📜 Stephen’s Great Speech (7:1-53)
Acts 7:2-8
"And he said, ‘Brothers and fathers, listen. The God of glory appeared to our father Abraham when he was in Mesopotamia, before he lived in Haran, and said to him, “Go out from your land and from your kindred and go into the land that I will show you.”’"
Stephen’s speech is the longest in Acts (52 verses) and one of the most sophisticated pieces of biblical theology in the NT. He re-reads the entire history of Israel—from Abraham to Solomon’s temple—to demonstrate a provocative thesis: Israel has always rejected God’s messengers. The pattern repeats: Joseph rejected by his brothers, Moses rejected by the people, the prophets persecuted—and now Jesus, the Righteous One, betrayed and murdered.
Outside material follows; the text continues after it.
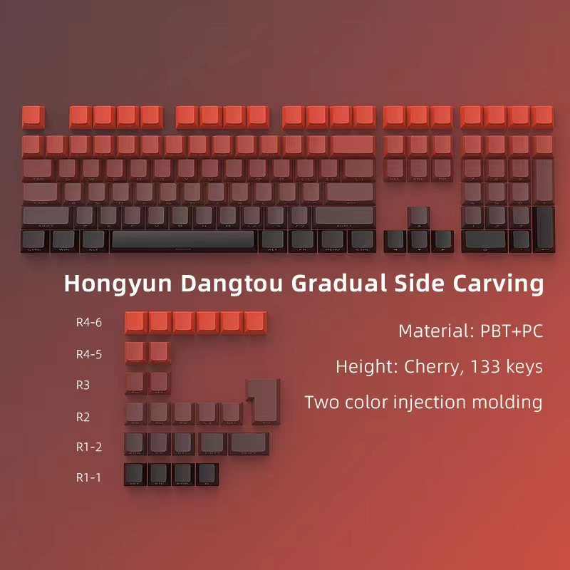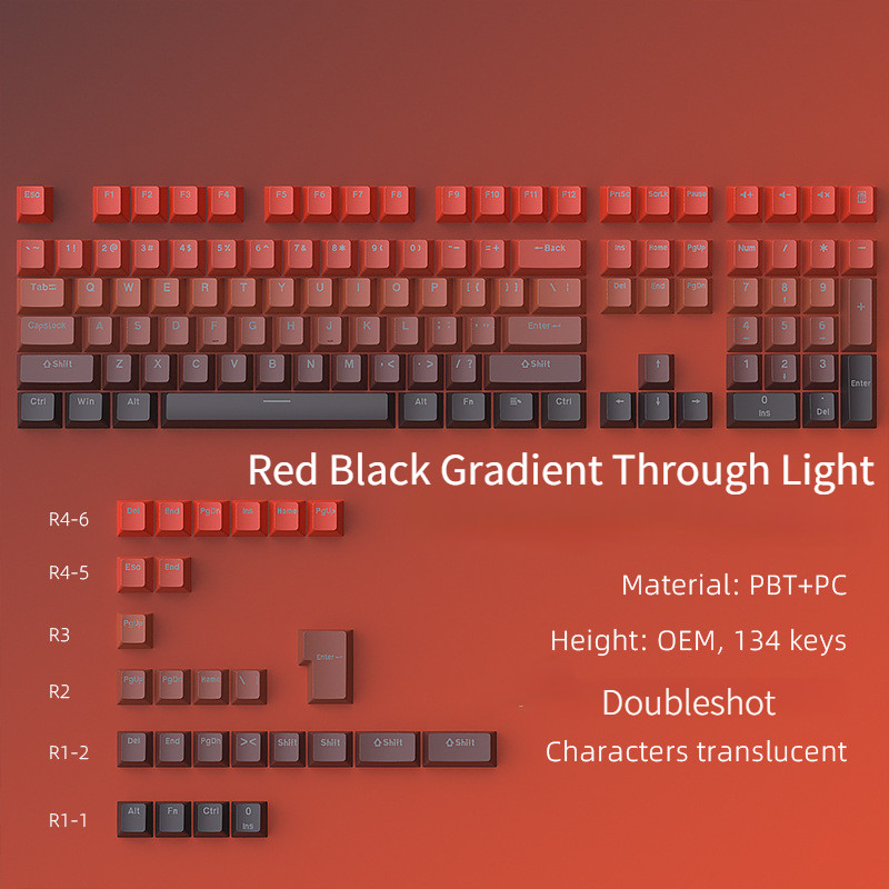 【Local Delivery】Red Black Gradient Front Carving Through Light Keycap Stabilizer 6.25u Doubleshot OEM Profile for All MX Type 61% 66% 98 %100% 108% Mechanical Keyboard

Stephen is not condemning Israel for being especially wicked—he is showing that the rejection of Jesus is the climax of a historical pattern of resistance to God’s grace.
Acts 7:44-50
"Our fathers had the tabernacle of testimony in the wilderness, just as he who spoke to Moses directed him to make it according to the pattern that he had seen. But Solomon built a house for him. Yet the Most High does not dwell in houses made by hands, as the prophet says, ‘Heaven is my throne, and the earth is my footstool. What kind of house will you build for me, says the Lord, or what is the place of my rest?’"
The critique of the temple is the most explosive point of the speech—and the reason Stephen was accused (6:13-14). He is not saying the temple was wrong—he is saying that confusing the temple with the presence of God is idolatry. God cannot be confined to a building (1 Kings 8:27; Isaiah 66:1-2). The tabernacle was better than the temple because it was mobile—it accompanied the people on their journey. Jesus is the new temple (John 2:19-21)—God’s presence is no longer localized in Jerusalem but in Christ and his body, the Church.
✝️ The Martyrdom of Stephen (7:54-60)
Acts 7:55-60
"But he, full of the Holy Spirit, gazed into heaven and saw the glory of God, and Jesus standing at the right hand of God. And he said, ‘Behold, I see the heavens opened, and the Son of Man standing at the right hand of God.’ ... And falling to his knees he cried out with a loud voice, ‘Lord, do not hold this sin against them.’ And when he had said this, he fell asleep."
Stephen’s death is modeled on Jesus’ death: he sees the heavens opened (cf. Luke 3:21), forgives his executioners (cf. Luke 23:34), and commits his spirit to Jesus (cf. Luke 23:46). Stephen is the first martyr (martys—witness) Christian—and his martyrdom inaugurates the era of persecutions. ‘Jesus standing at the right hand of God’—in all other texts, Jesus is ‘seated’ at the Father’s right hand (Psalm 110:1; Hebrews 1:3). Here he is ‘standing’—as one who rises to receive and honor his faithful servant. The presence of Saul as approver of the execution (7:58; 8:1) is the turning point: the persecutor who will become the greatest missionary in history.